**The problem**
Below are lines of data, and only some are wanted. Please repeat exactly those from the line that has "Москва. 26 ноября." through the line that has "MOUZ战队的队友,同时在K".

**Input**
-=-=-

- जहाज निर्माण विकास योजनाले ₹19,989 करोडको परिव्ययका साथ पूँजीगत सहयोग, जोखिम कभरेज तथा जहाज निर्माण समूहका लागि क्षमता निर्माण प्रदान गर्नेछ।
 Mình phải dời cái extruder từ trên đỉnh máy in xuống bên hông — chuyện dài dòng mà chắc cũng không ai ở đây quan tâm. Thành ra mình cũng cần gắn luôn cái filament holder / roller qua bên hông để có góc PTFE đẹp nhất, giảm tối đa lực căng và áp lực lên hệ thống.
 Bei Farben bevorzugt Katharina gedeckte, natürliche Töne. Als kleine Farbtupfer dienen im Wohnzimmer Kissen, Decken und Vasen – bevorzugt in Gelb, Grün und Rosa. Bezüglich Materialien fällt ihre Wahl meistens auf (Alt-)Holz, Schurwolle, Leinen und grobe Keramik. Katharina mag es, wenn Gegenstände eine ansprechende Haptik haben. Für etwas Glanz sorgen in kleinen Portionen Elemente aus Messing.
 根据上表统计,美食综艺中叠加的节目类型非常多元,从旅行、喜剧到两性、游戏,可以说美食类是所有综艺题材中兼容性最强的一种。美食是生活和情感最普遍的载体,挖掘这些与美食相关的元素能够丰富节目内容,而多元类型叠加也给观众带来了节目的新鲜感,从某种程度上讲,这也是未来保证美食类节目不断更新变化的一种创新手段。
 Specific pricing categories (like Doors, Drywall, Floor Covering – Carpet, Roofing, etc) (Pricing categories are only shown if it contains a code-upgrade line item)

-=-=-

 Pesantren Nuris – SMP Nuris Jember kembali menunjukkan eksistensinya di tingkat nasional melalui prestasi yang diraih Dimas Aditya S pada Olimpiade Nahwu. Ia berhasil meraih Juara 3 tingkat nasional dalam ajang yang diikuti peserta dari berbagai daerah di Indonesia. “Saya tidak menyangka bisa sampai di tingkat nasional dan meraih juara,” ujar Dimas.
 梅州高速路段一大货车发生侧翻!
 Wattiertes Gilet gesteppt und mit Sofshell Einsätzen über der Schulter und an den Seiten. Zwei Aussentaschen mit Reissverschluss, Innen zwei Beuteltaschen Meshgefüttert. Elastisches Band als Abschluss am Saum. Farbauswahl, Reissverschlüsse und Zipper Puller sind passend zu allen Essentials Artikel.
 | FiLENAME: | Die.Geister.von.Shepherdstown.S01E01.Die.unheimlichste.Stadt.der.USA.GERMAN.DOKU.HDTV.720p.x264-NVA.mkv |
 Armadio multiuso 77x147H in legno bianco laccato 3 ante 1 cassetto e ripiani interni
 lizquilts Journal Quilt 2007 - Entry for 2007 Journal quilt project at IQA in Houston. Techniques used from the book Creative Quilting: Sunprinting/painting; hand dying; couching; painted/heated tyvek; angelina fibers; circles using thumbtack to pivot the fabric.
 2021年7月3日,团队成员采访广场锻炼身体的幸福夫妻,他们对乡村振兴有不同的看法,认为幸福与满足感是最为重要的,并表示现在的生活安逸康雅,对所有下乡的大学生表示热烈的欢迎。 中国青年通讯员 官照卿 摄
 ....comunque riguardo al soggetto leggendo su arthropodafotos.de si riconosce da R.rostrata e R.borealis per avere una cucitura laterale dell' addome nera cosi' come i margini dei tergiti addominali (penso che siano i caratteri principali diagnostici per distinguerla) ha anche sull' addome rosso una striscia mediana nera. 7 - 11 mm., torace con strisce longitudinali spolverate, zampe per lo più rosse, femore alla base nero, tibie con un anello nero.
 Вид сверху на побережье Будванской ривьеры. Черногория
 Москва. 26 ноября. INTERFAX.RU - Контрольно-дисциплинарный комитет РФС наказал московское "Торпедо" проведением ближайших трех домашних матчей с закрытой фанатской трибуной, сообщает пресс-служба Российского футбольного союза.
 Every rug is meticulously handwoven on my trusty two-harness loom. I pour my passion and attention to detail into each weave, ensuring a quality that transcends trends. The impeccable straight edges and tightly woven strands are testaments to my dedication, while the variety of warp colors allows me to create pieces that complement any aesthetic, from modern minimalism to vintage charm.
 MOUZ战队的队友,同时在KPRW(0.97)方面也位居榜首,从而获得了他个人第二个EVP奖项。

-=-=-

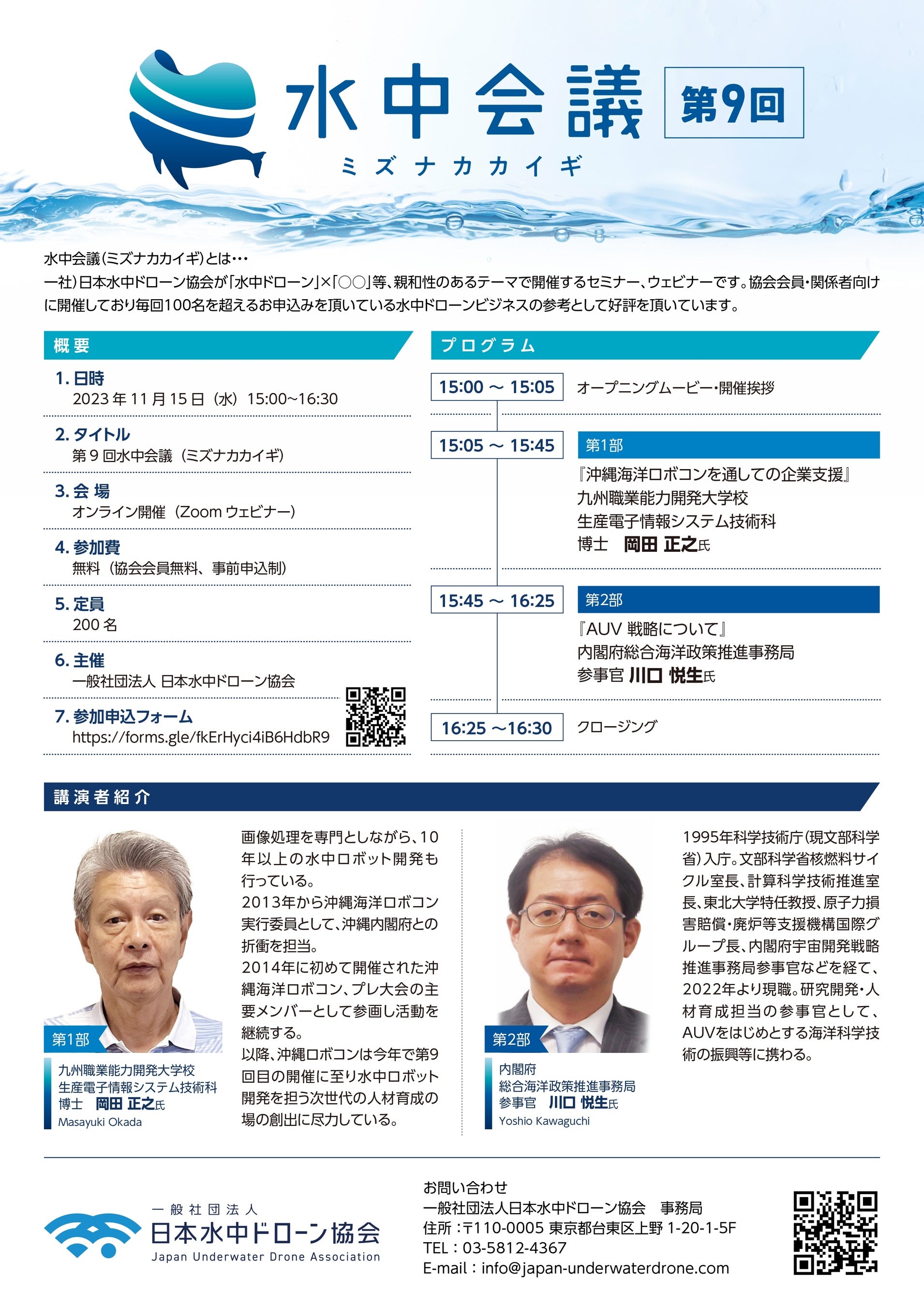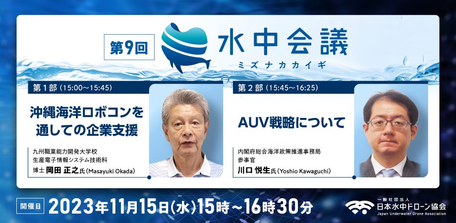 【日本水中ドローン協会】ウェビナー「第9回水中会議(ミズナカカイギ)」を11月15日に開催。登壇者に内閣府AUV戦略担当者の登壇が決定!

-=-=-

**Answer to this exercise**
 Москва. 26 ноября. INTERFAX.RU - Контрольно-дисциплинарный комитет РФС наказал московское "Торпедо" проведением ближайших трех домашних матчей с закрытой фанатской трибуной, сообщает пресс-служба Российского футбольного союза.
 Every rug is meticulously handwoven on my trusty two-harness loom. I pour my passion and attention to detail into each weave, ensuring a quality that transcends trends. The impeccable straight edges and tightly woven strands are testaments to my dedication, while the variety of warp colors allows me to create pieces that complement any aesthetic, from modern minimalism to vintage charm.
 MOUZ战队的队友,同时在KPRW(0.97)方面也位居榜首,从而获得了他个人第二个EVP奖项。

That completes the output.